Wheat is a global commodity, and the Chicago price is what the world works off of.
> but the dollar is historically strong at the moment.
As compared to what? It is historically weak compared to wheat, but presumably you mean compared to other currencies? Global transactions largely take place in USD, oil in particular, and the increase in monetary supply ended up in the hands of Americans first, so they have more of it to spend while the rest of the world does not, leaving those holding other currencies trying to buy up more USD all while Americans are trying to hold onto it over inflation fears.
Yes, but unless there is a bread cartel or oligopoly, the increased profit margins shouldn't have been possible, so the rising margins are proof in themselves.
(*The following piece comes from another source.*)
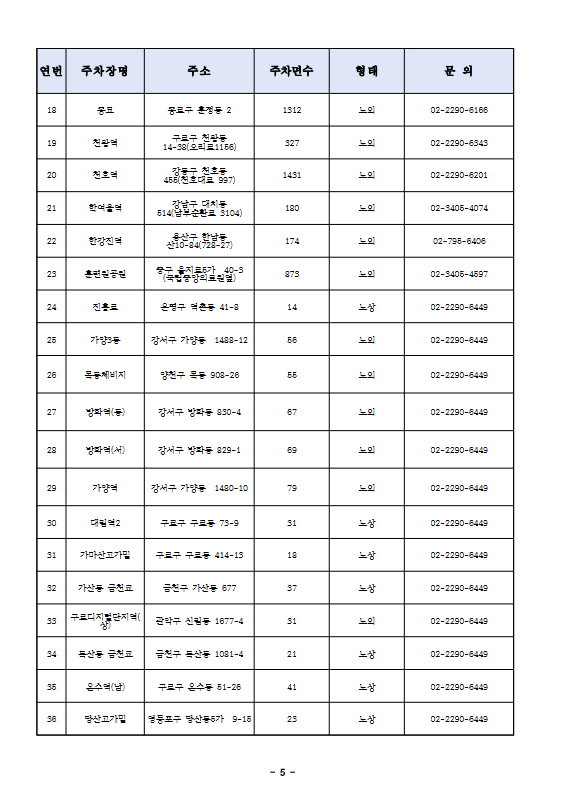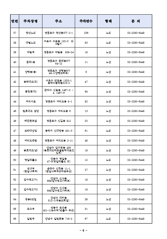 연번 주차장명 주소 주차면수 형태 문 의

That demand is inelastic in itself shouldn't necessarily allow price increases.
> Unless there's some bread cartel/oligopoly, a bread seller can't just increase prices and use a story to convince people it's unavoidable.
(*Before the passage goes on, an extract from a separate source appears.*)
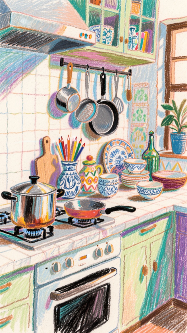 俯视角构图,在一个极简北欧风格的L型厨房转角,阳光从倾斜的天窗洒落形成菱形光斑,照亮深灰色哑光石英石台面。左侧悬挂式置物架上,三个手工陶瓷碗(灰蓝渐变釉面)叠放成螺旋状,旁边倒挂着两个黄铜咖啡杯和一把竹纤维餐布。右侧墙面安装着模块化磁吸刀架,整齐吸附着五把不同尺寸的日本旬刀,刀刃反射出冷冽的金属光泽。台面上,几何造型的白色珐琅锅旁散落着几颗带叶草莓,透明玻璃量杯里盛着琥珀色蜂蜜,旁边是一株垂吊的佛珠吊兰,藤蔓自然垂落在台角。开放式层板上,三个锥形玻璃瓶分别装着薰衣草干花、燕麦片和彩色藜麦,右侧迷你陶瓷花盆里的罗勒正舒展着心形叶片。地面浅灰色六边形瓷砖与墙面白色文化石形成材质对比,角落的橄榄绿垃圾桶与黄铜水龙头形成低调的色彩呼应,整体空间通过非对称平衡营造出有序的生活韵律感。

This is trivially provable false. Companies can charge inflated prices based on story and/or advertising. The entire existence of high end fashion, for example, owes its existence to this being true.
But even setting that aside, the primary driver of inflation, oil and gas prices, are set by a literal cartel. And what do you know, the companies in this industry are making record profits.
The senior officers of Canada Bread, since 23 May 2014 a Grupo Bimbo subsidiary,[6] and Weston Foods, now a sister company to Loblaws under parent George Weston Limited, colluded to boost bread prices, and later strong-armed retailers to increase their prices in tandem.[5] The two named companies became aware of the investigation on 31 October 2017, and decided to co-operate with investigators in December in exchange for receiving immunity from prosecution.[5]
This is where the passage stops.